Green Revolution redux

In the 1960s, Norman Borlaug, an American biologist, helped spark a period of transformative agricultural innovation known as the Green Revolution by selectively breeding a grain-packed, dwarf variety of wheat. (He would win a Nobel Peace Prize for this work.) In Asia, the Philippines-based International Rice Research Institute (IRRI) had similar success with rice. By the 1990s, the yields of wheat and rice had doubled worldwide, staving off bouts of recurring famine. The Green Revolution was so successful that dire predictions of worse famine to come—fueled by alarming population growth—no longer seemed likely.

But the Green Revolution had its limits—only so much yield could be coaxed from plants using conventional breeding techniques. Breeding gene pools are limited by sexual compatibility, and it’s also difficult to control which traits will be passed on. Plus, crossbreeding new varieties to produce desirable traits can take decades. A 1982 MIT Technology Review feature described efforts to overcome such conventional plant-breeding constraints by recombining genes from different species but they were still time-consuming, costly, and unpredictable.
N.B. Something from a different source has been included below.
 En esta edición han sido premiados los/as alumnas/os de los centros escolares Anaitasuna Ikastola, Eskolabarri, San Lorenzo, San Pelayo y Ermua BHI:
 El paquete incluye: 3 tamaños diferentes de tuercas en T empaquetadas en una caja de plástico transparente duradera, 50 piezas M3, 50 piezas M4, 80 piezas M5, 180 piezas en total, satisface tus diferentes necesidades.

Even today, with more precise gene-editing technologies like CRISPR, the lab-to-seed product life cycle can take 10 to 15 years, according to Keith Slotkin, a biological sciences professor at the University of Missouri and principal investigator at the Donald Danforth Plant Science Center. To shave time, Slotkin’s lab recently developed a more efficient genome-editing technique, transposase-assisted target-site integration, or TATSI. When coupled with CRISPR, TATSI enables scientists to insert a piece of DNA into a plant’s genome more precisely. Instead of having it randomly inserted, which can require growing and testing many iterations of a plant to determine the right location, “we can predetermine exactly where in the genome we want it inserted,” Slotkin explains. Such precision could save years on the time it takes for new plant varieties to make it from the lab to federally approved seed products.

Beyond reducing time to market, modern plant engineering efforts have shifted from yield per plant—a hallmark of the Green Revolution—to yield per acre. Slotkin cites corn: “By removing what’s called shade avoidance and increasing the leaf angle, you can seed at a denser rate.” Today, nearly 95% of all corn and soybeans grown in the US are genetically engineered to improve yield per acre, chiefly through herbicide- and insect-tolerant traits.
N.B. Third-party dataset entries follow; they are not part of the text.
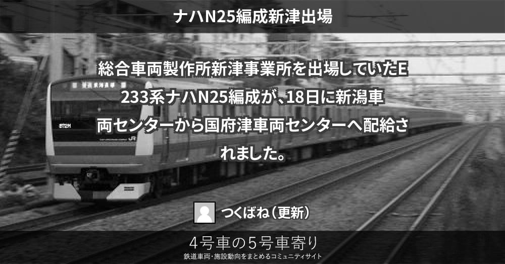 総合車両製作所新津事業所を出場していたE233系ナハN25編成が、18日に新潟車両センターから国府津車両センターへ配給されました。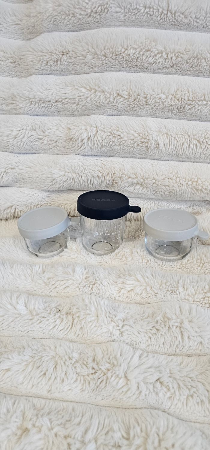 Lot de 3 pots en verre Béaba ☆ 2 pots 150ml. ☆ 1 pot 250ml. Tres bon état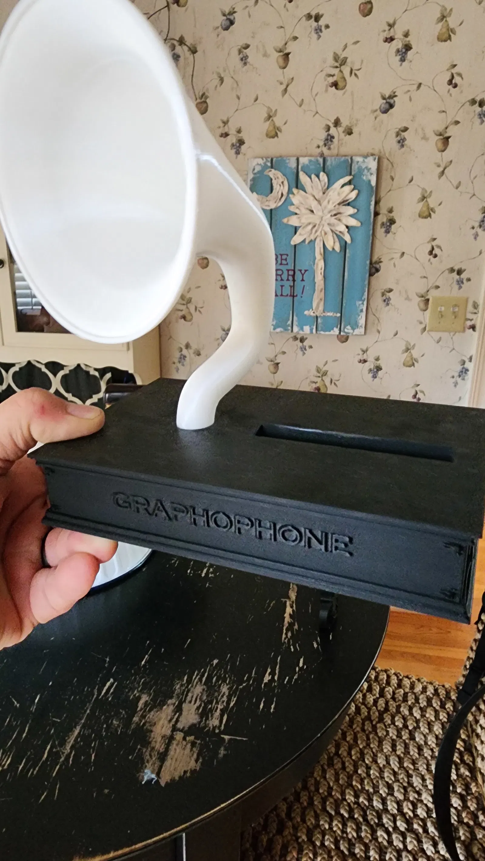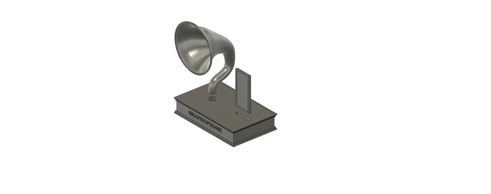 Tui bắt đầu tự làm cái này sau khi thấy cái tương tự bên Tàu. Tui hổng có chắc cái của họ làm có tốt hông hay là làm kiểu gì. Nên tui quyết định tự thử nghiệm với cái thiết kế graphophone của tui, vẽ bằng Fusion 360. Cái này vẫn còn đang thử nghiệm nhưng tui muốn chia sẻ lỡ ai có ý tưởng gì hay ho giúp nó tốt hơn. Hiện tại thì nó có khuếch đại âm thanh đó nhưng mà nó chỉ theo một hướng và hơi bị chói tiếng tí xíu. Cái âm sắc có thể chỉnh được bằng cách làm cái loa kèn dày hơn hoặc có thể là xài loại nhựa khác.

Plant scientists have also fortified staple crops with essential nutrients. Golden rice, for example, uses corn genes to produce beta-carotene, the precursor to vitamin A. Purple tomatoes have been genetically modified with snapdragon DNA to contain high levels of anthocyanins, the antioxidants found in blueberries and blackberries. Some plant engineers favor designer species, like non-browning Arctic apples and sweet Pinkglow pineapples. 
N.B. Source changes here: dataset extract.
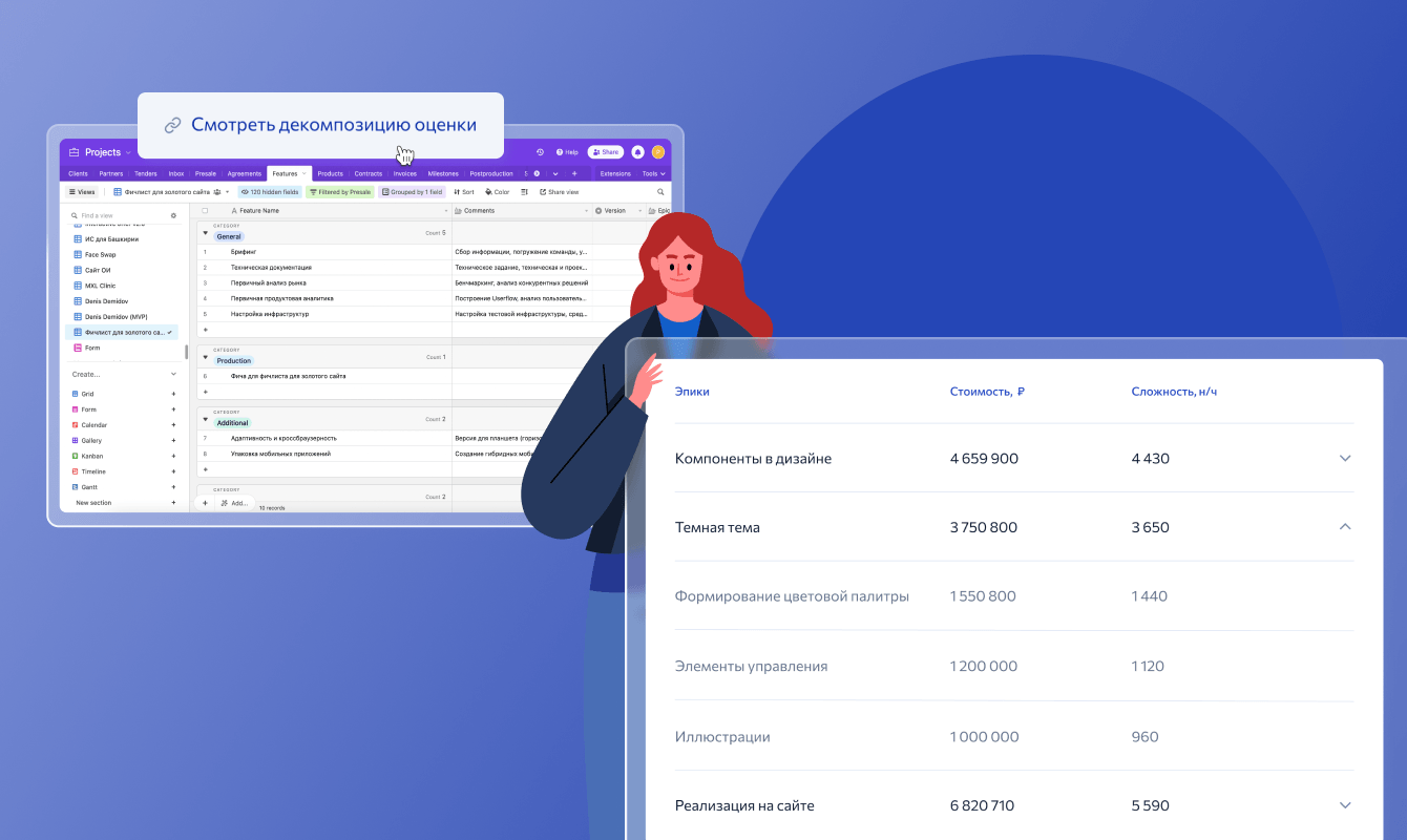 С подобными данными сложно работать: постоянно вылетающие формулы, большой процент ошибок из-за человеческого фактора, невозможность связать фичи с проектом, проекты — с клиентом, а стоимость — с базой ставок.

Despite such advances, a 2020 poll by the Pew Research Center found that only 27% of Americans trust genetically engineered crops, even though a comprehensive 2016 report from the National Academies of Science found no evidence that genetically engineered food is less safe than conventional. But as climate change ratchets up its toll on agricultural yield and the global population continues to grow, genetically engineered crops with climate-friendly features—such as the ability to thrive in droughts or floods, generate their own fertilizer, and optimize land use—will likely become less the exception than the norm.